We have gone through the fairly elaborate data preparation. Which included cleaning the raw textual data, creating a vocabulary, numerically tokenizing the cleaned data, and generating a dataset suitable for training the model. Took me two blog posts to cover that.
Time to move on to defining our RNN model.
Recurrent Neural Network
As mentioned in the first post in this series, I am going to use the LSTM variant of an RNN. To that end we will be using PyTorch’s LSTM layer. Well a few of them in fact. But we are also going to add a new layer to our model: an embedding layer.
In early days, tokens were converted into numbers by one-hot encoding them before feeding it to the NLP model. So, in our case, with some 14,000 unique tokens, each token would be converted into an array of 14,000 columns. And since we are feeding 100 tokens at a time to the model, each input would be an array with 100 by 14,000 cells. This large dimensionality would require the model to have a suitably large number of parameters. Not horribly efficient. In addition one-hot encoding does not capture the context or relationships between tokens.
LSTM and most modern NLP models use token embedding. Instead of huge one-hot vectors, embedding uses lower dimensional vectors. E.G. 256 columns. These individual embeddings live in a multi-dimensional embedding space. This also allows the embedding layer to capture relationships because tokens with similar meanings are close to each other in the embedding space. The embedding layer will learn the word embeddings during model training.

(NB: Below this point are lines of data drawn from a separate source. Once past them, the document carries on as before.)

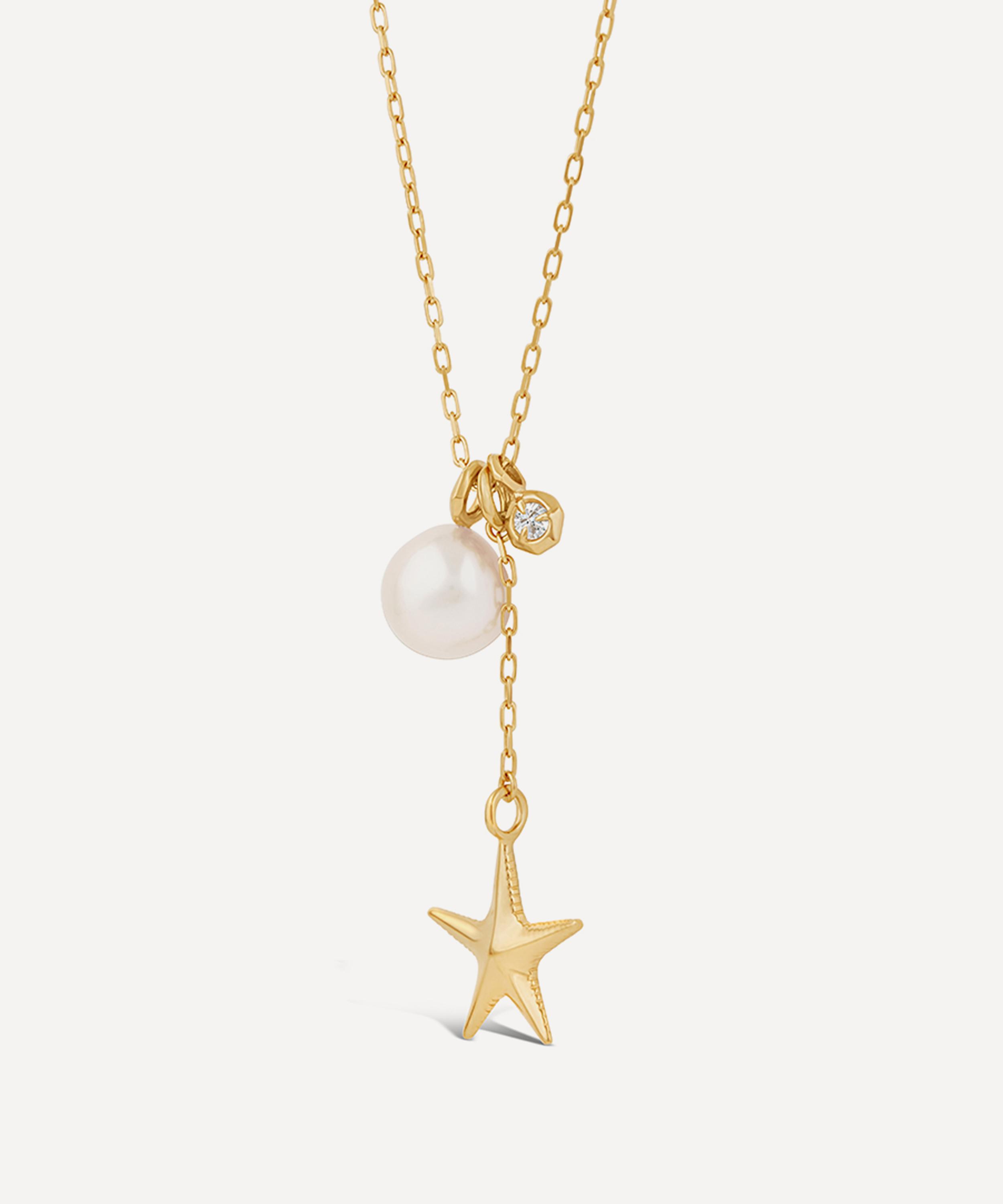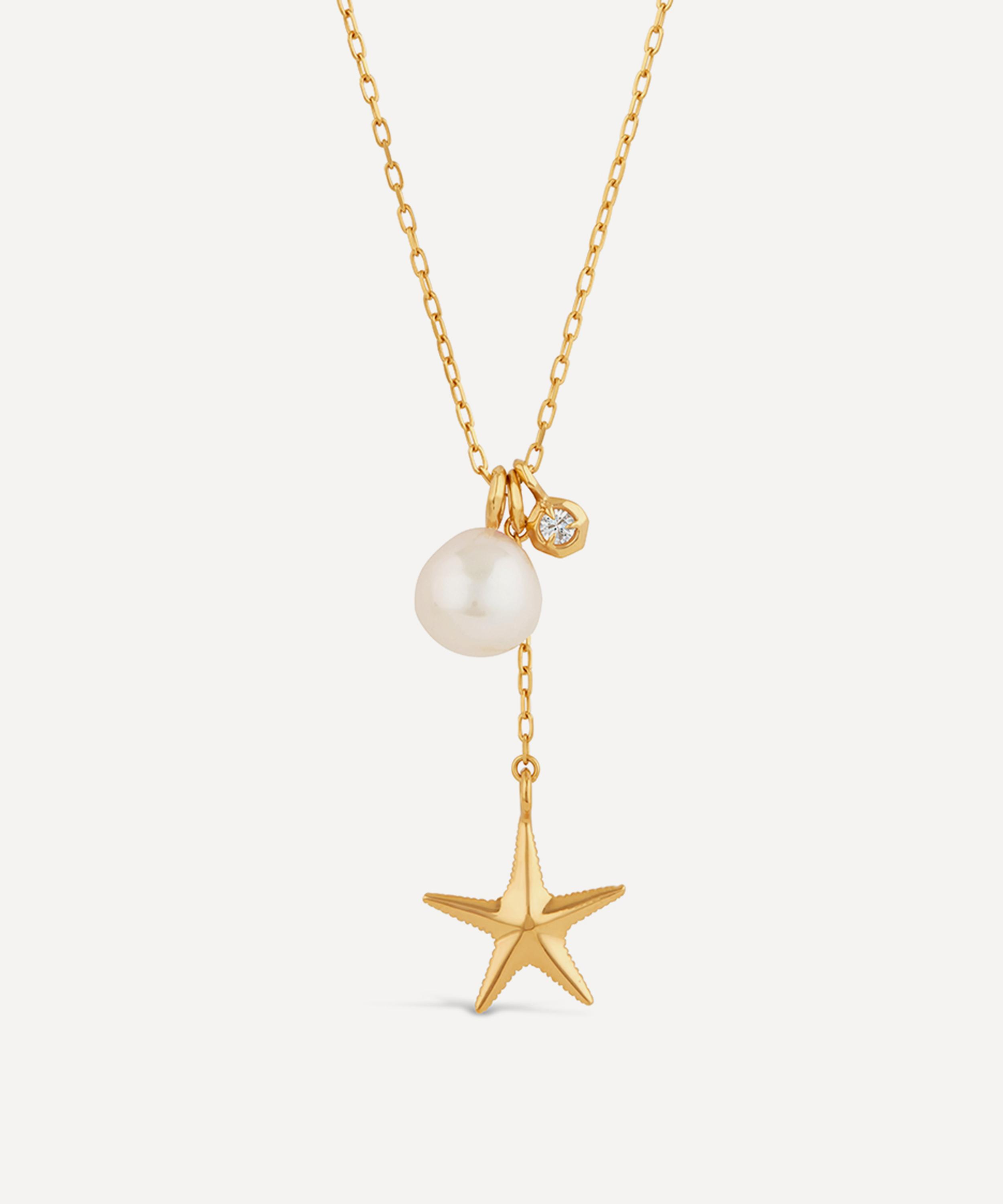 Inspired by Thalassa, goddess of the sea, this cluster pendant necklace from Dinny Hall celebrates the mystical depths of the sea – a collection of pieces expertly crafted to appear worn away by the passing tides. Hand-crafted from sterling silver plated in 22ct gold vermeil, this cluster features a lustrous freshwater baroque pearl, a white sapphire pendant in a faceted setting, and a chain-suspended starfish with textured detailing. Perfect for everyday wear, style it by itself or layer it with other necklaces from the collection.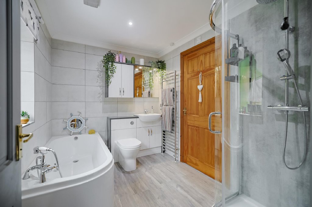 The family bathroom is well-appointed with a RAK WC, wash basin with storage beneath and above, a fitted bath with handheld shower head, and a separate walk-in shower. Finished with laminate flooring, a heated towel rail, spotlighting, extractor fan, and a combination of tiled and panelled walls, it also features a frosted rear window.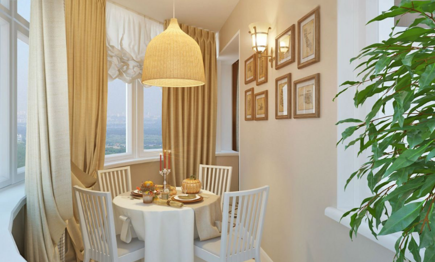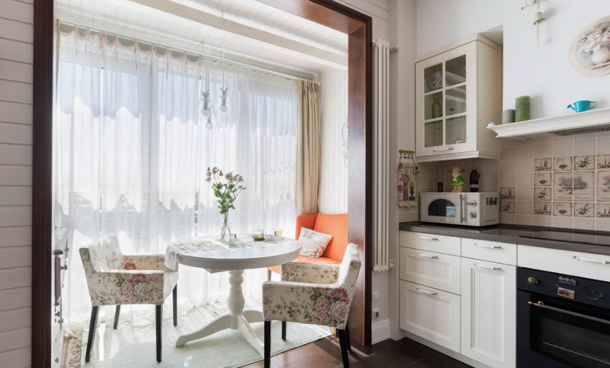 Рабочую кухонную зону на лоджии или балконе сделать невозможно, поскольку проверяющие службы такую перепланировку не утвердят. Однако допустимо обустроить столовую. Это увеличит пространство в малогабаритных квартирах.
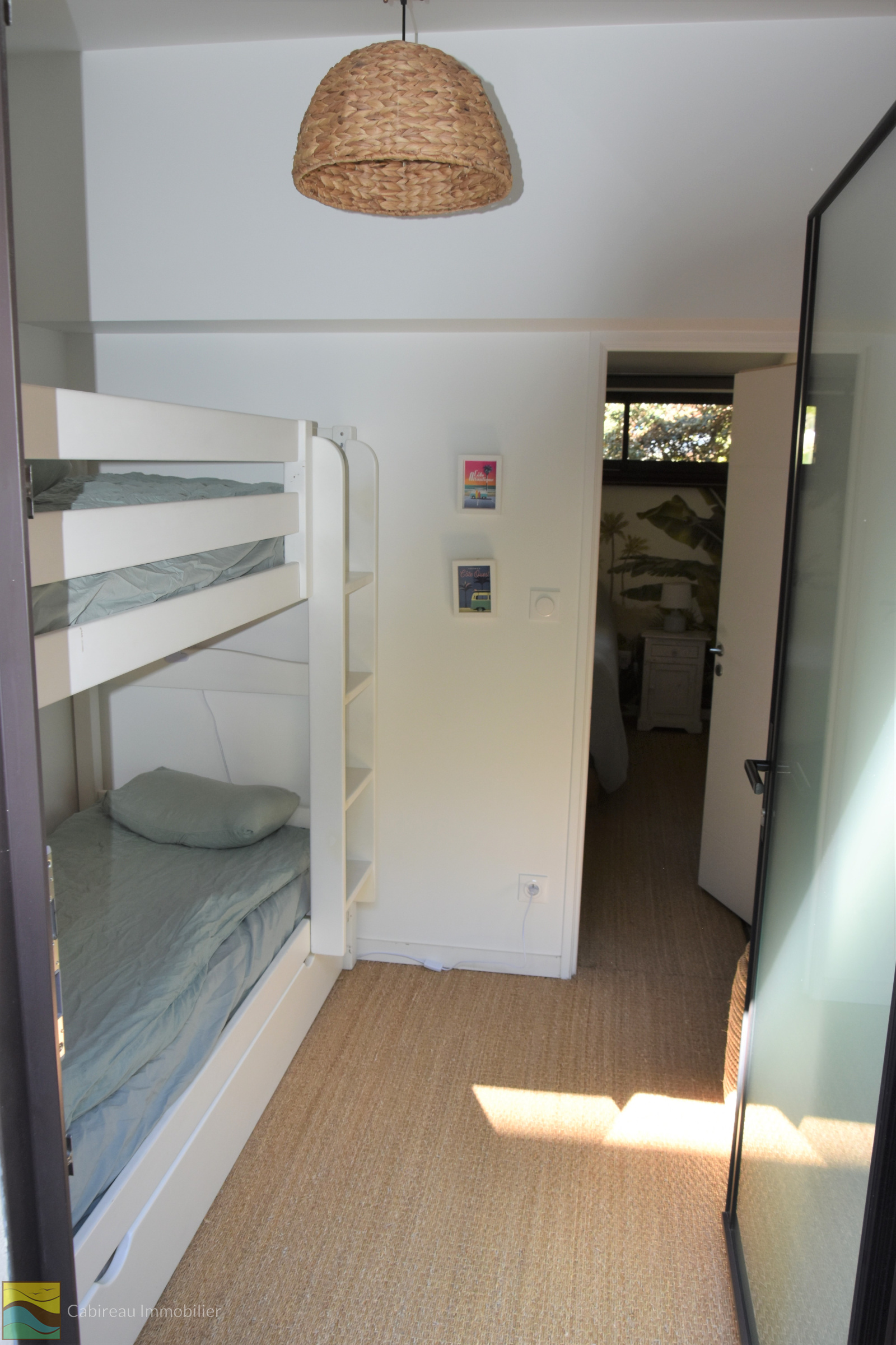Le bien offre une surface habitable de 75 m² et se compose : d'un séjour-cuisine équipée, 2 chambres, 1 chambre cabine ou bureau, salle d'eau, salle de bains, 2 WCS. Terrasse/ patio en bois de 31 m², terrasse sud de 14 m², douche extérieure et 2 places de stationnement.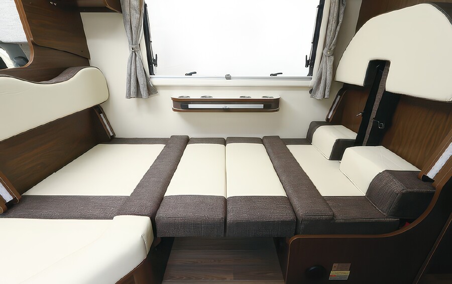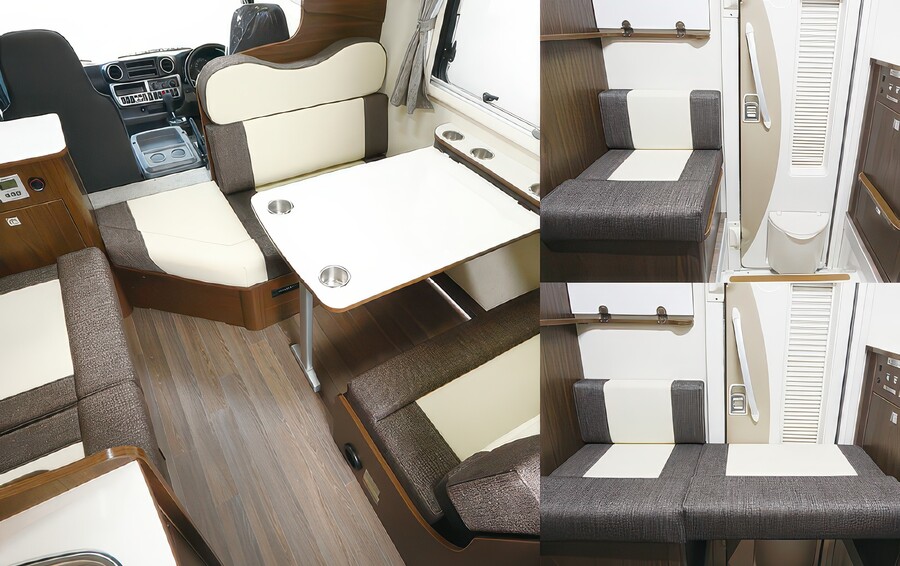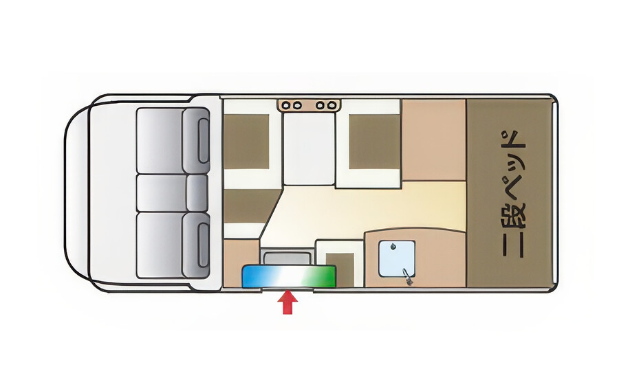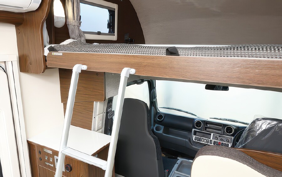 リチウム400Ahと急速充電システムを搭載した最上級モデル。幅広の常設2段ベッドでゆとりの就寝スペースを確保。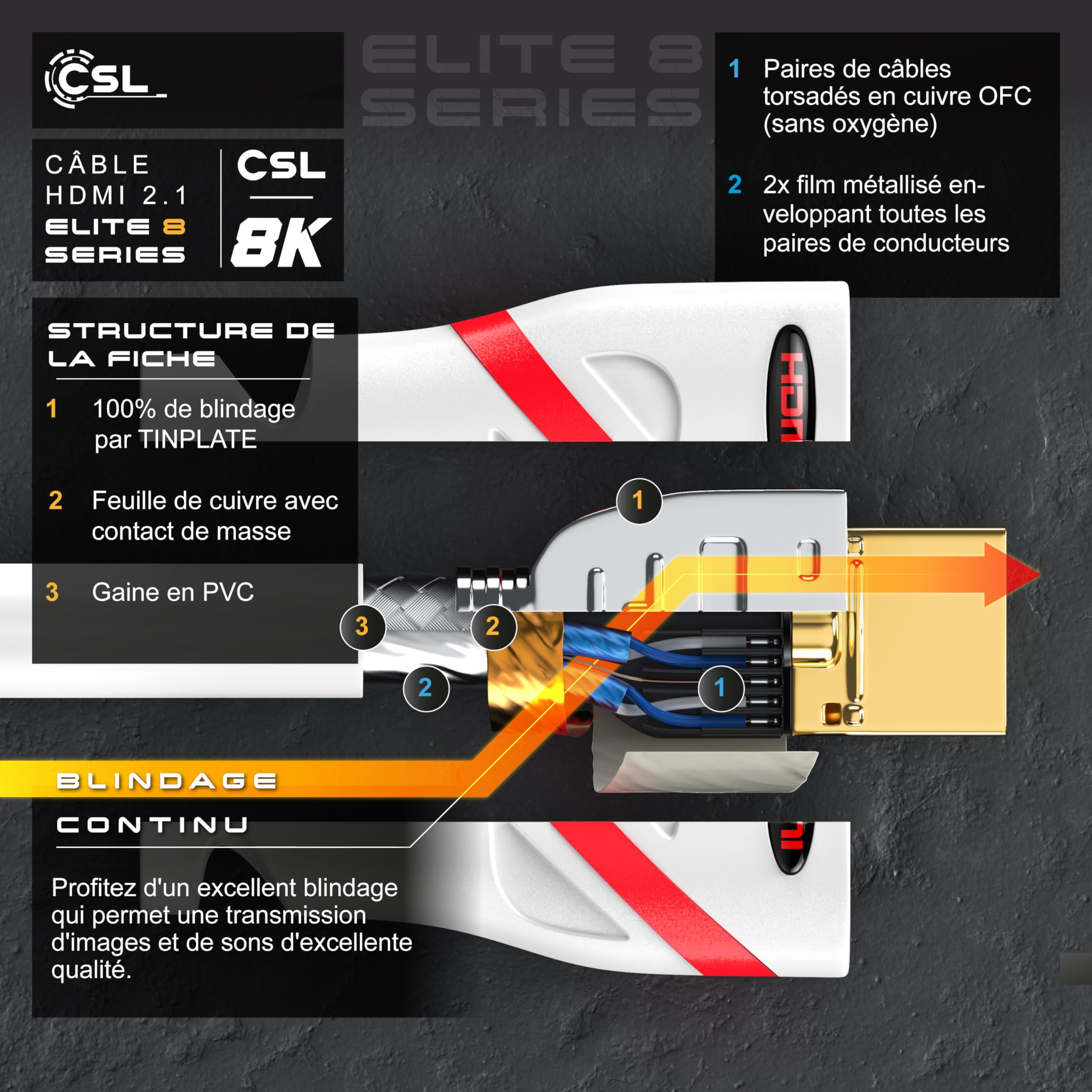Profitez de vidéos HD et de signaux audio numériques de la plus haute qualité ! Le câble HDMI à l'épreuve du temps transmet des images en excellente résolution : jusqu'à 7680 x 4320 @ 120 Hz (avec DSC) et 7680 x 4320 @ 30 Hz (sans DSC). Bande passante jusqu'à 48 Gbit/s & supporte 16 bpc ou 48 bits par pixel En 4k, il offre la plus haute résolution avec des taux de rafraîchissement rapides comme l'éclair (en fonction de la carte graphique et du moniteur) : 3840 x 2160 @ 120 Hz. Cable Hdmi 4k Câble HDMI 2.1 Ultra Mince 8K - 4K@120Hz, 8K@60Hz, 48 Gbps - Compatible PS5, TV 4K, Blu-ray Cable Hdmi 2.1 3m Le câble CSL Premium 8k UHD II HDMI est compatible avec la 3D et supporte toutes les résolutions à partir de 8K ainsi que le format cinéma 21:9 et jusqu'à 32 canaux audio. 1 RÉSOLUTION 2 GAMING & OFFICE 3 ENTERTAINMENT Compatible avec les versions antérieures. 1 CABLE PREMIUM 2 BLINDAGE 3 3x PROTÉGÉ Parfait pour tous les appareils HDMI comme les téléviseurs 4K et 8k, PlayStation 4 et 5, Xbox One X et S, Xbox Series X et S, lecteurs Blu-ray 4k Color + Deep Color jusqu'à une profondeur de couleur de 48 bits. A scalable solution for 8k gaming. In 4k, it offers the highest resolution with lightning-fast refresh rates (depending on the graphics card and monitor Des contacts plaqués or parfaitement ajustés garantissent une transmission du signal à faible perte. Hdmi 10m CSL - Câble HDMI 8k / 4k 2.1/2.0 10m - 8K @ 60Hz - 4K @ 120Hz Cable Hdmi 2.1 La bande passante peut atteindre 48 Gbit/s. Parfait pour tous les appareils HDMI tels que les téléviseurs 4K et 8k, la PlayStation 4 Pro, la Playstation PS5, la... Support 8K jusqu'à 120 Hz avec DSC | Fiches de précision avec blindage complet. Caractéristiques : Câble HDMI à l'épreuve du temps selon le standard Ultra High Speed, offre HDR, ARC, 3D, espace colorimétrique 10bit, YcbCr 4:4:4, Highspeed Ethernet Le triple blindage garantit une excellente protection contre les signaux parasites extérieurs. Transmet tous les formats audio numériques tels que 2., 0, 2., 1, 5., 1, 7., 1, DTS-HD Master Audio, Dolby TrueHD, Dolby Digital, DTS, etc., 8k: 7680 x 4320 @ 120 Hz, 5k: 5120 × 2880 @ 120 Hz, 4k: 3840 x 2160 @ 240 Hz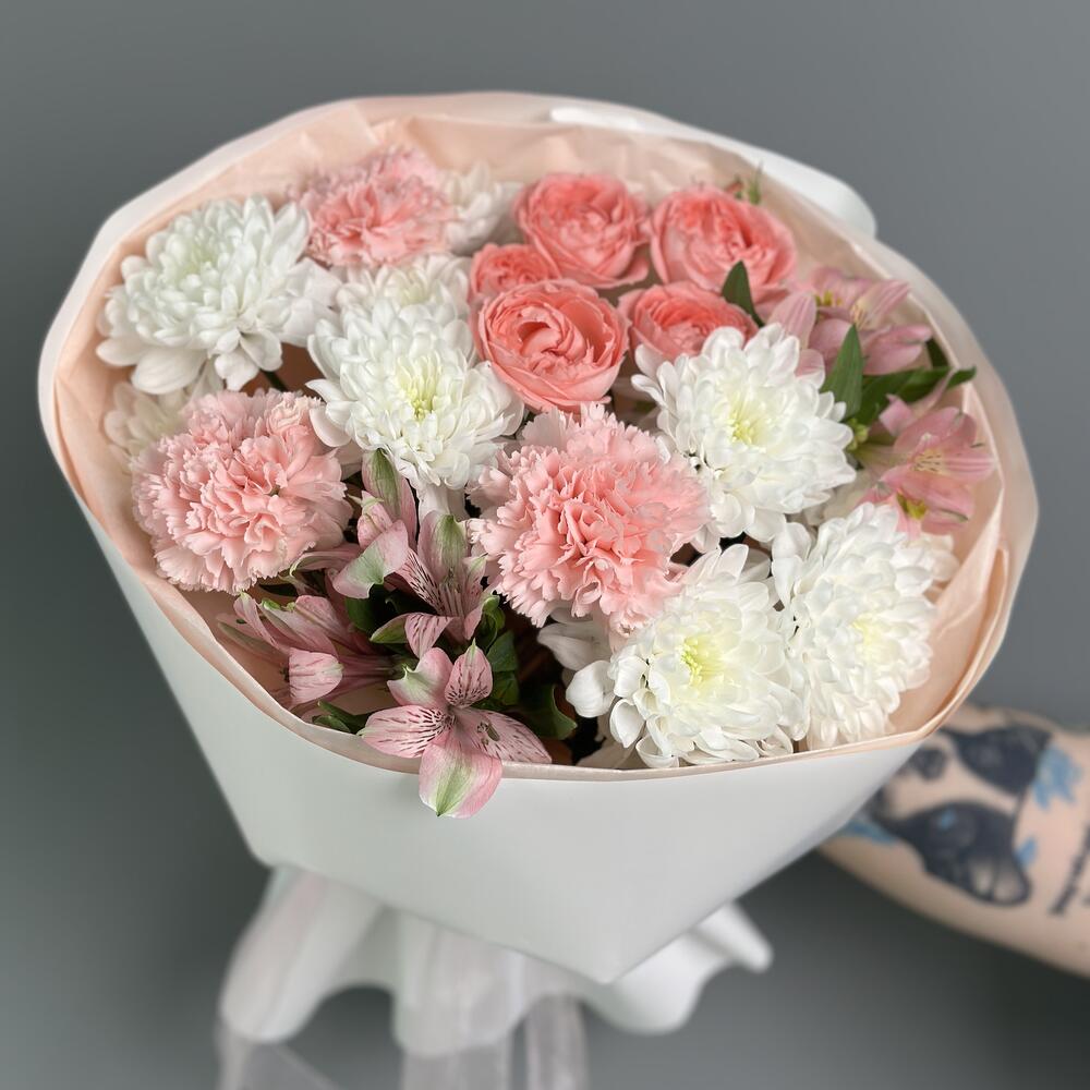 В составе очень стойкие цветы альстромерия, хризантема и диантусы-гвоздики ✨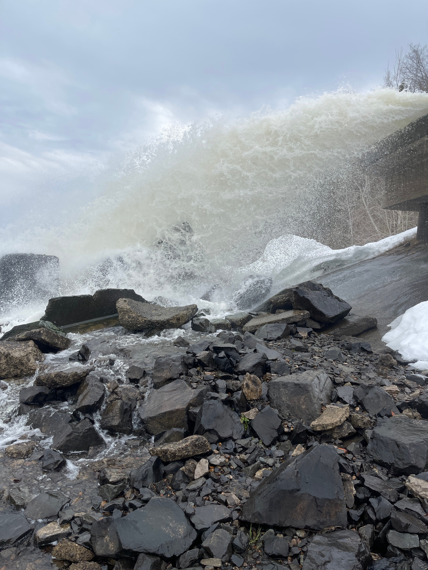 The image captures a waterfall adjacent to dark, wet rocks. The water appears opaque and white, possibly due to high turbulence or sediment. On the right side of the image, the rocky terrain is eviden…read more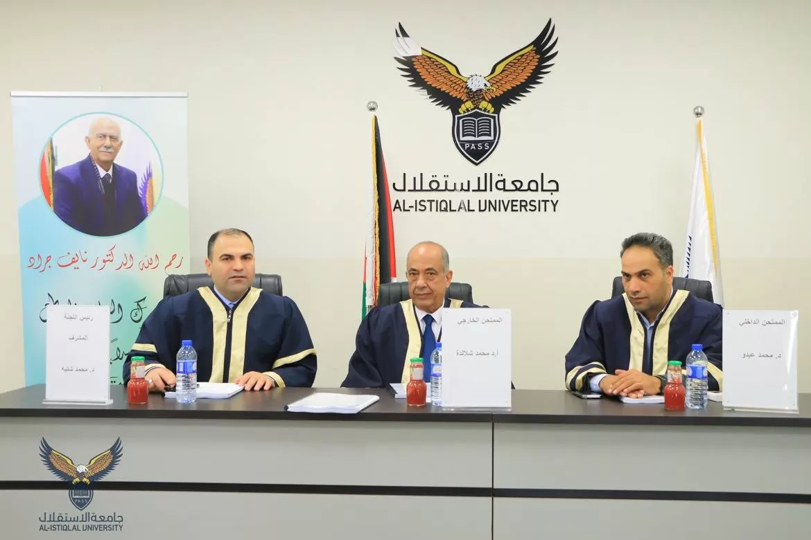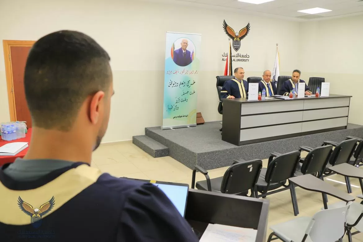 ناقشت كلية الدراسات العليا والبحث العلمي في جامعة الاستقلال اليوم الأربعاء رسالة ماجستير للطالب عبيدة نمورة والموسومة الاعتداءات على الممتلكات الخاصة أثناء النزاعات المسلحة الحرب على قطاع غزة عام 2023 أنموذجاً.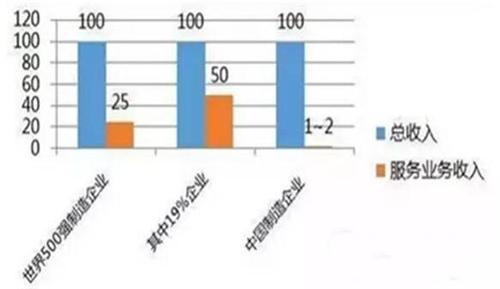 世界500強(qiáng)企業(yè)的25%的收入來自與服務(wù)收入,其中19%的企業(yè)其服務(wù)收入已經(jīng)達(dá)到總收入的50%。GE全球銷售收入的70%來自于“技術(shù)+服務(wù)+管理”的服務(wù)業(yè)務(wù)。而我國(guó)制造企業(yè)的服務(wù)收入只占總收入的1-2%(圖3)。

So our model will basically consist of an embedding layer, some number of LSTM layers, and, finally, a classification layer. There will also be dropout layers to provide some regularization.
Because I don’t currently expect to use this model again (likely look at Transformers next), I am going to put the model class in a module in the project directory not the shared directory.
lstm.py
Guess you can figure out the module name.
Now, with an LSTM model the hidden state will in fact have two components.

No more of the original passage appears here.